After working the image to give it the appearance of an impressionist oil painting, he had to send the file of to be printed as a 24-by-36-inch canvas. He then painted a finish over the printed image to give it the varnished look of an old painting, and to increase the sense of brush stroke simulated by the computer program. Bohac added that he was excited because he was in the process of setting up some online tutorial sessions with other KCAL photography buffs, so they can learn how to use the software by watching Bohac use it. The working image will be seen on their own computer screens, and they can type in questions as he demonstrates techniques.
Meanwhile, Bohac said he’d leave the controversy about how “valid” digital artwork is up to the academicians.
“I just do what makes me happy,” Bohac said.
Leah Geiger, a retired teacher who enjoys making bas-relief (slightly three-dimensional) images with torn paper, pen, ink, paint and more, said she was fascinated by the wide range of media and styles displayed by the art. She particularly enjoyed the challenge of portraying a specific barn (on the Steve Day farm, Lower Green Valley Road, Mount Vernon) instead of working completely from imagination.
“When I pick up the paper, the paper speaks to me,” Geiger said. “I don’t normally know what I’m going to do until I discover it.”

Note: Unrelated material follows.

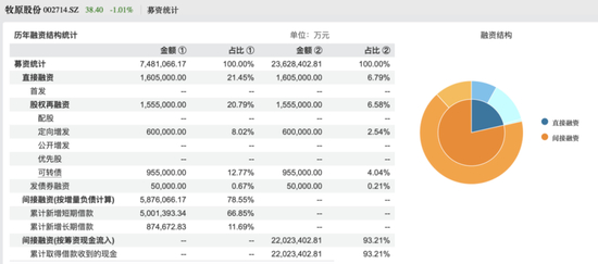 Wind显示,上市以来,牧原股份累计募资748.11亿元。其中,直接融资160.5亿元(包括股权再融资、发债融资、IPO融资等),间接融资(按增量负债计算)587.61亿元。

Painting in a manner that finds common ground between the Knox County countryside and the old Russian landscapes of early Kandinsky paintings, Wes Shorter created a distinctive vision of the Aberegg barn on Old Mansfield Road.
“The style I work from is very deliberate,” Shorter said. “It verges on the abstract.
The bicentennial barn tour will take place Saturday from 10 a.m. to 6 p.m. Maps of the route and lists of the farms are available at Sips Coffee House, 101 S. Main St. A detailed brochure, including historical notes by barn consultant Pam Gray, is available by going to the Web site of the Knox County Convention and Visitors Bureau, www.visitknoxohio.org, and clicking on the link for the Barns-R-Noble tour. The brochure can be downloaded and printed.
KCRF president Pat Surbella said that they’re encouraging people to carpool to the tour, to save on fuel. She also suggested that groups such as bus tours, Scout groups and senior citizens’ groups would find the tour ideal. Special events will be set up at many of the barn sites, ranging from food buffets to tractor tours to historical displays.
Promotional items and memorabilia will be available at some of the barn locations for those who are interested, including note cards of the painted images, decorated coal shovels and the popular “Looking Up” poster, which features architectural details from downtown Mount Vernon. Anne Deister’s bicentennial cookbook will also be for sale at the sales locations, which are the Nyhart, Robinson, Day and Windy Hill farms. A tour-end reception will also take place at Windy Hill from 6:30 to 8 p.m. on Saturday.
Orders for custom-made prints can be taken and paid for at any barn along the tour, and picked up at Sips the following week. Tickets for a raffle prize including several promotional goods are being sold and will be drawn during the Dan Emmett Music & Arts Festival on the main stage on the square on Saturday, Aug. 9.
There is no cost to go on the driving tour itself.
“It’s our gift to the community,” Williams said.